Momentum damps zig-zag oscillations in steep directions and accelerates along consistent gradients; Adam additionally adapts per-parameter step sizes using first and second moments.

In [None]:
paths = simulate_optimizers()
q3_info = plot_ravine_paths(paths, FIG_DIR / 'q3_ravine_optimizers.png')
q3_info

## Q4 - Non-Linear Models

For RBF-SVM overfitting, decrease `gamma` to widen each point's influence and smooth the boundary. For pruning, larger `alpha` penalizes leaf count more strongly, increasing bias and reducing variance.

In [None]:
q4_info = run_q4_svm_and_pruning(df, FIG_DIR)
q4_info

## Q5 - Unsupervised Learning

Eigenvalues of the covariance matrix are directional variances; explained variance ratio for PC_k is $\lambda_k / \sum_i \lambda_i$. Elbow method works because WCSS always decreases with K, but marginal reduction eventually diminishes.

In [None]:
q5_info = run_q5_unsupervised(df, FIG_DIR)
q5_info

## Q6 - Capstone Explainability (SHAP)

`base_value` is the expected model output over background data. `output_value` is the candidate-specific output.
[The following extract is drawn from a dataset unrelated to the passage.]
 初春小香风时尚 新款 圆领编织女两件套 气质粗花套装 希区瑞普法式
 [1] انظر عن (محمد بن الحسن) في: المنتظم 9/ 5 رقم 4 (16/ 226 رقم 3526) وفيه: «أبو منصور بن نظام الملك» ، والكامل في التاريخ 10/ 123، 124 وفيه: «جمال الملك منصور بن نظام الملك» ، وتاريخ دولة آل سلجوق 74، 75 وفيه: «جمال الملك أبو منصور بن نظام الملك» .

Their difference equals the sum of local SHAP contributions.

In [None]:
q6_info = run_q6_capstone(df, FIG_DIR, SOL_DIR)
q6_info

## Full Run

Run the complete pipeline and regenerate all outputs (`SQL`, figures, markdown answer key, and summary JSON).

In [None]:
summary = run_all(DATA_PATH, FIG_DIR, SOL_DIR)
summary['answer_key_path'], summary['sql_path']
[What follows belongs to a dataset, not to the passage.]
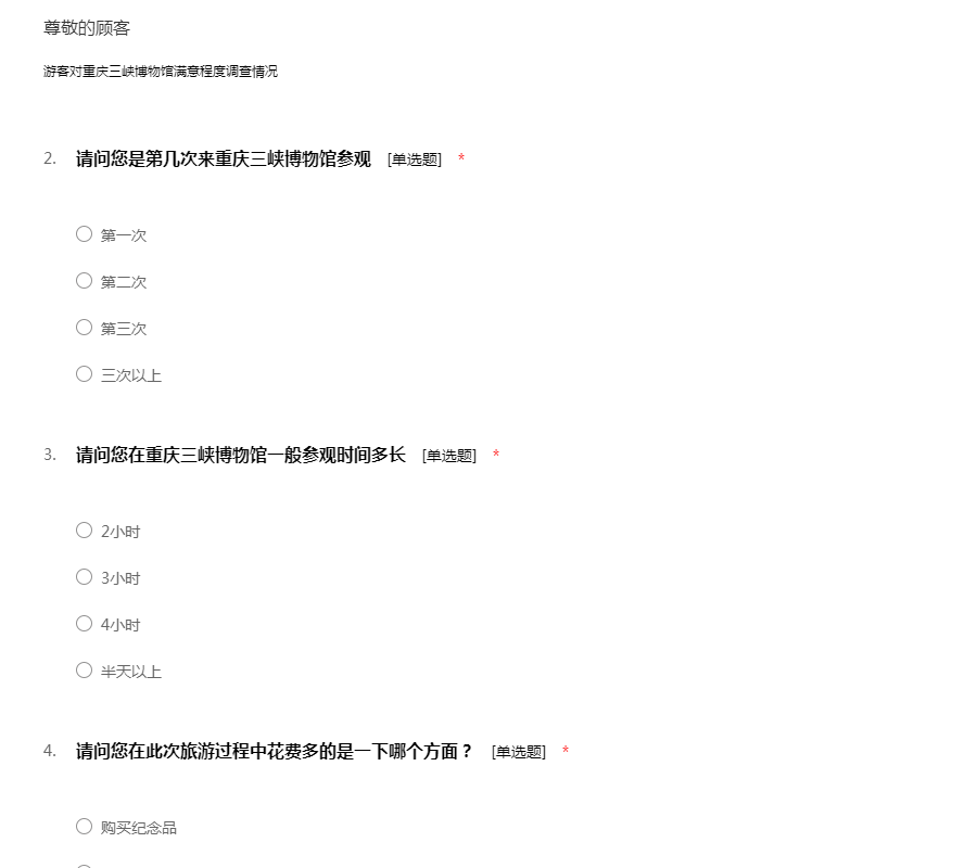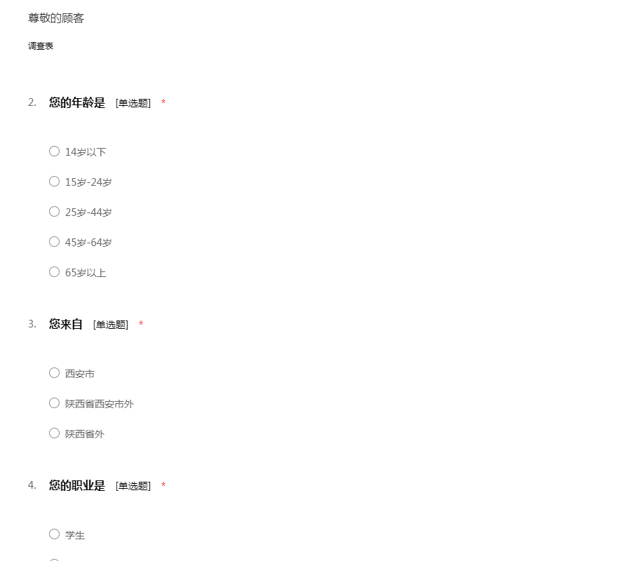 非常感谢您参与本次调查,本调查问卷将花3-5分钟完成。我们期望通过本次调查来了解各位游客对本地旅游的满意度及反馈意见,为建设好平遥古城旅游环境提供一定的参考。本次调查采取不记名方式进行,题型为选择题和简答题,请您认真阅读问卷中的每一道题目,并根据自身实际情况选择(请您在确定的相应项目前面的序号上打对号)。

### Deliverables produced by this notebook/script

- `code/solutions/q1_moving_average.sql`
- `code/solutions/complete_solution_key.md`
- `code/solutions/run_summary.json`
- `code/figures/q3_ravine_optimizers.png`
- `code/figures/q4_svm_gamma_sweep.png`
- `code/figures/q4_tree_pruning_curve.png`
- `code/figures/q5_kmeans_elbow.png`
- `code/figures/q6_shap_force_plot.png`
- `code/figures/q6_shap_summary.png`